• **Exercise brief**
Include the line containing "Prodlužovací kabel 50" and all lines before it, repeated exactly from the listing below, without pictures.

= Beginning of Section =

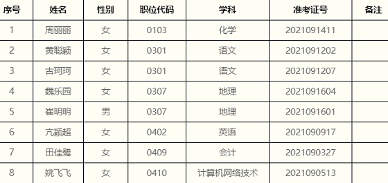 1.根據(jù)面試資格確認情況,按照《襄城縣2021年公開招聘教師簡章》中“本次報名資格審查工作貫穿于招聘工作的全過程!薄胺舶l(fā)現(xiàn)報考人員與招聘崗位所要求的資格條件不符的,取消其考試、聘用資格,對提供虛假材料的,依法依紀追究責(zé)任!薄懊嬖嚳杖比藬(shù),在筆試成績合格人員中從高分到低分依次遞補!钡囊(guī)定,共有13名考生面試資格確認不合格、放棄面試資格或放棄面試遞補資格。結(jié)合筆試成績,確定8名遞補人員,名單如下:
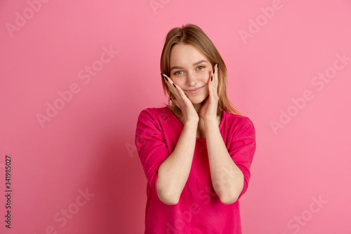 Smiling cute, happy. Caucasian young woman's portrait isolated on pink studio background, monochrome. Beautiful female model. Concept of human emotions, facial expression, sales, ad, trendy.
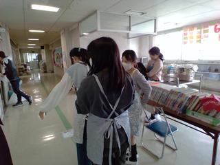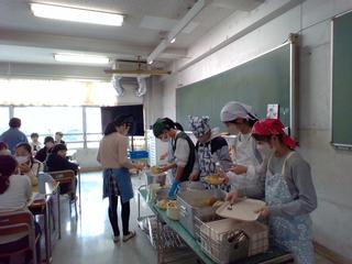 最後の給食 今週6年生の給食当番は、いつもの給食着ではなく、エプロンスタイルです。 文化祭の食べ物コーナーみたいですね。
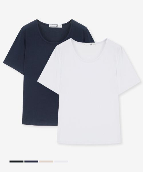 [2PACK] 여성 U넥 오버핏 스판 반팔티셔츠 4칼라
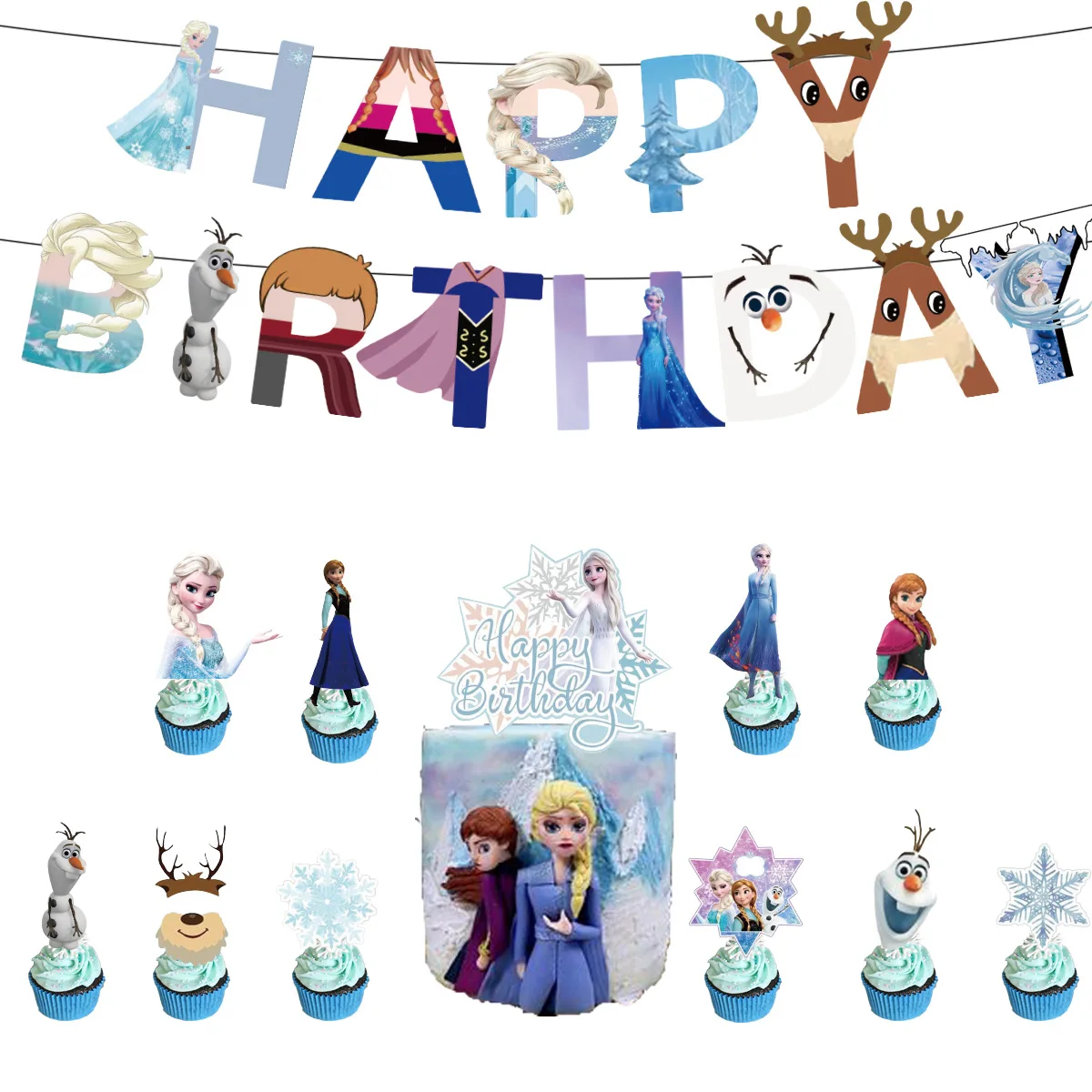 Disney, Холодное сердце, Анна, Эльза, украшение для вечеринки, воздушные шары, набор флагов для детей, для девочек, товары для вечеринки в честь Дня Рождения, детский праздник
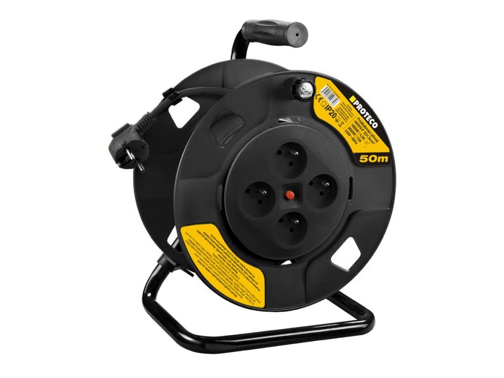 Prodlužovací kabel 50 m na cívce o průřezu vodičů 1,5 mm² je určen pro vnitřní použití. 4-zásuvka a tepelná pojistka proti přetížení jsou integrovány v navíjecí cívce. Na prodlužovací kabel lze při plném rozvinutí připojit spotřebič o příkonu až 3 kW. Po navinutí kabelu je cívka velmi dobře skladovatelná.
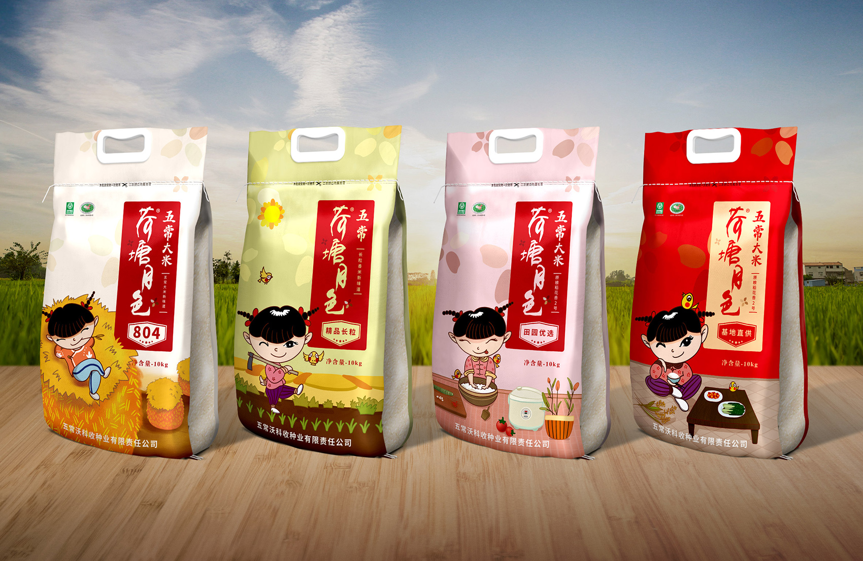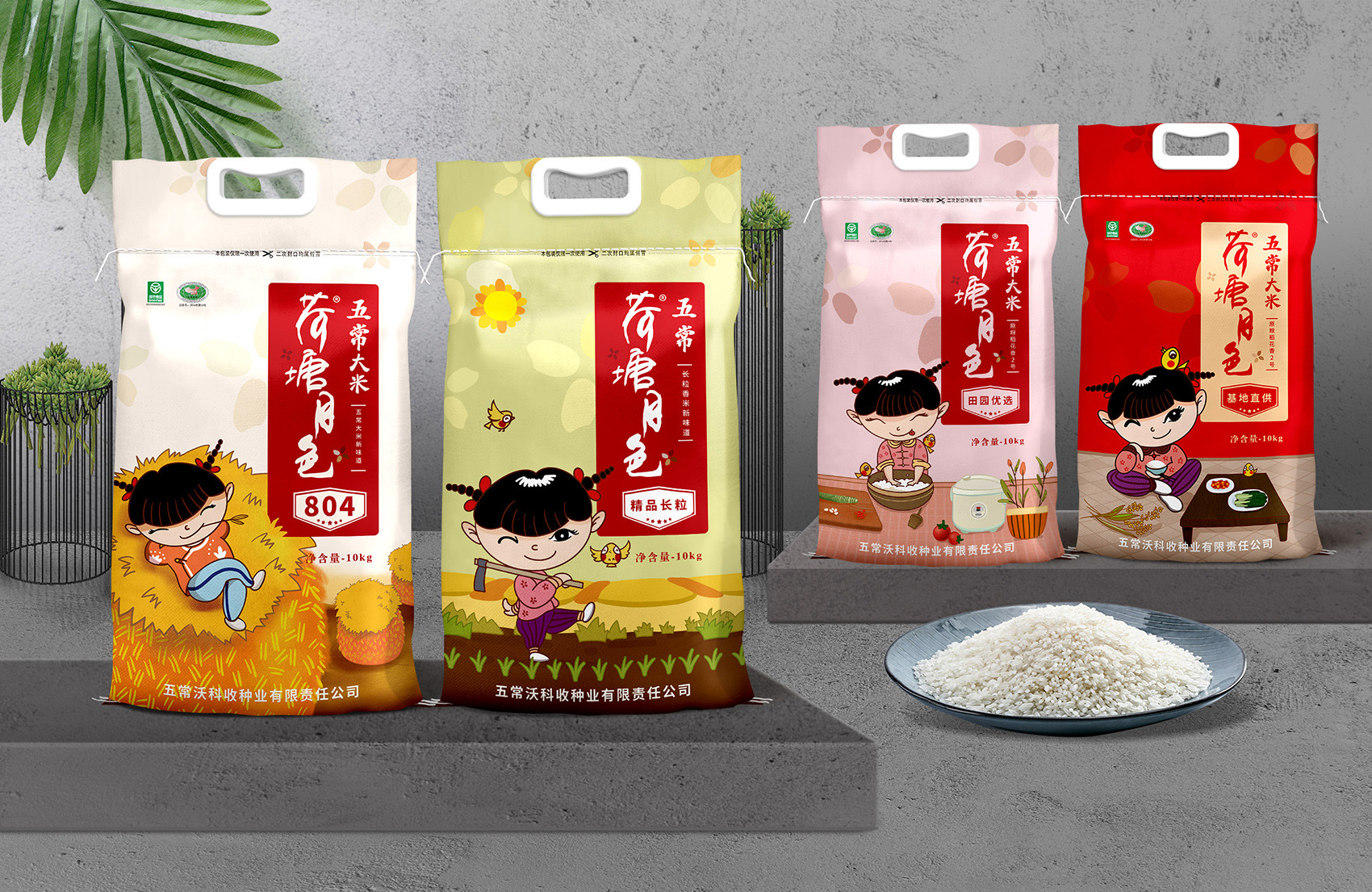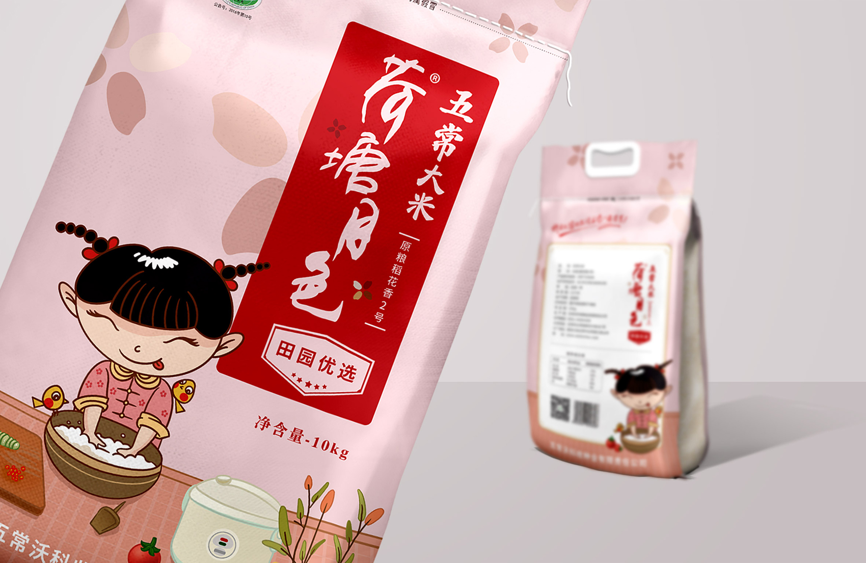 繽策通過與企業(yè)深入的會(huì)談與實(shí)地考察及調(diào)研,以及對(duì)市場(chǎng)對(duì)了解及經(jīng)驗(yàn)。為了讓更多的消費(fèi)者快速了解品牌所傳遞的核心價(jià)值,創(chuàng)意圍繞IP進(jìn)行,品牌IP化是不可阻擋的趨勢(shì),IP形象生動(dòng)有趣,后期可延展出VI、包裝、微視頻等多種宣傳方式,同時(shí)IP也可以有效的統(tǒng)領(lǐng)包裝風(fēng)格,輕松形成套系感,有效的解決包裝零散的問題;設(shè)計(jì)風(fēng)格定義鄉(xiāng)土氣息濃厚的卡通風(fēng)格,色彩上選取了水稻自然成熟的風(fēng)格,豐收的金色、質(zhì)樸的大地之色與傳統(tǒng)中代表吉祥與喜悅的紅色,給人以踏實(shí)可信賴之感,有效的拉近品牌與消費(fèi)者的距離。在畫面上將IP至于鄉(xiāng)下的生活場(chǎng)景中,除草、收割、淘米、吃飯,更具有真實(shí)感,配合討喜的鄉(xiāng)村丫頭形象,讓消費(fèi)者通過包裝聯(lián)想到鄉(xiāng)下自然閑適的田園生活,引起更多共鳴,獲得消費(fèi)者在情感層面上更多的認(rèn)同。
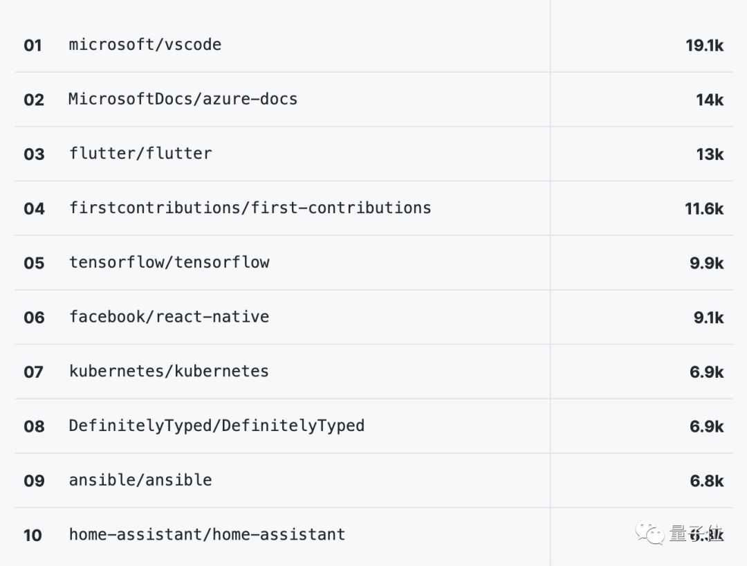 贡献最多的开源项目来自微软的VS Code (19.1K)、Azure Docs (14K)和Flutter (13K)。
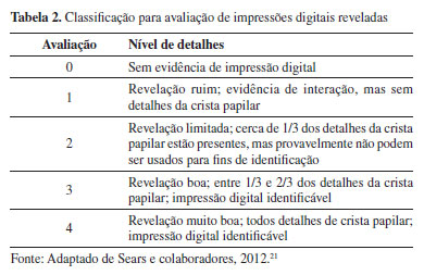 A partir das IDLs naturais e sebáceas de 4 doadores depositadas, foram aplicadas as hidrazonas sintetizadas (2a-e) nas diferentes superfícies (vidro e plástico) e foi avaliada a eficácia de revelação de impressões digitais naturais e sebáceas através do nível de detalhes das cristas papilares, que são os relevos presentes nas pontas dos dedos responsáveis pelos desenhos das impressões digitais. Nesse sentido, para avaliar a qualidade das impressões digitais reveladas, foi empregada a escala desenvolvida por Sears e colaboradores,21 descrita na Tabela 2.
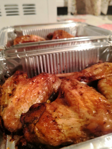 На 3 часа ставила в холодильник мариноваться, ещё немного чеснока-специи добавляла.. Затем в 2 формы ( у меня одноразовые) и на 40 минут в духовку) заметить стоит, что даже моя НеФонтанДуховка справилась с задачей 👍

= End of Section =

• **Task response**
 1.根據(jù)面試資格確認情況,按照《襄城縣2021年公開招聘教師簡章》中“本次報名資格審查工作貫穿于招聘工作的全過程!薄胺舶l(fā)現(xiàn)報考人員與招聘崗位所要求的資格條件不符的,取消其考試、聘用資格,對提供虛假材料的,依法依紀追究責(zé)任!薄懊嬖嚳杖比藬(shù),在筆試成績合格人員中從高分到低分依次遞補!钡囊(guī)定,共有13名考生面試資格確認不合格、放棄面試資格或放棄面試遞補資格。結(jié)合筆試成績,確定8名遞補人員,名單如下:
 Smiling cute, happy. Caucasian young woman's portrait isolated on pink studio background, monochrome. Beautiful female model. Concept of human emotions, facial expression, sales, ad, trendy.
 最後の給食 今週6年生の給食当番は、いつもの給食着ではなく、エプロンスタイルです。 文化祭の食べ物コーナーみたいですね。
 [2PACK] 여성 U넥 오버핏 스판 반팔티셔츠 4칼라
 Disney, Холодное сердце, Анна, Эльза, украшение для вечеринки, воздушные шары, набор флагов для детей, для девочек, товары для вечеринки в честь Дня Рождения, детский праздник
 Prodlužovací kabel 50 m na cívce o průřezu vodičů 1,5 mm² je určen pro vnitřní použití. 4-zásuvka a tepelná pojistka proti přetížení jsou integrovány v navíjecí cívce. Na prodlužovací kabel lze při plném rozvinutí připojit spotřebič o příkonu až 3 kW. Po navinutí kabelu je cívka velmi dobře skladovatelná.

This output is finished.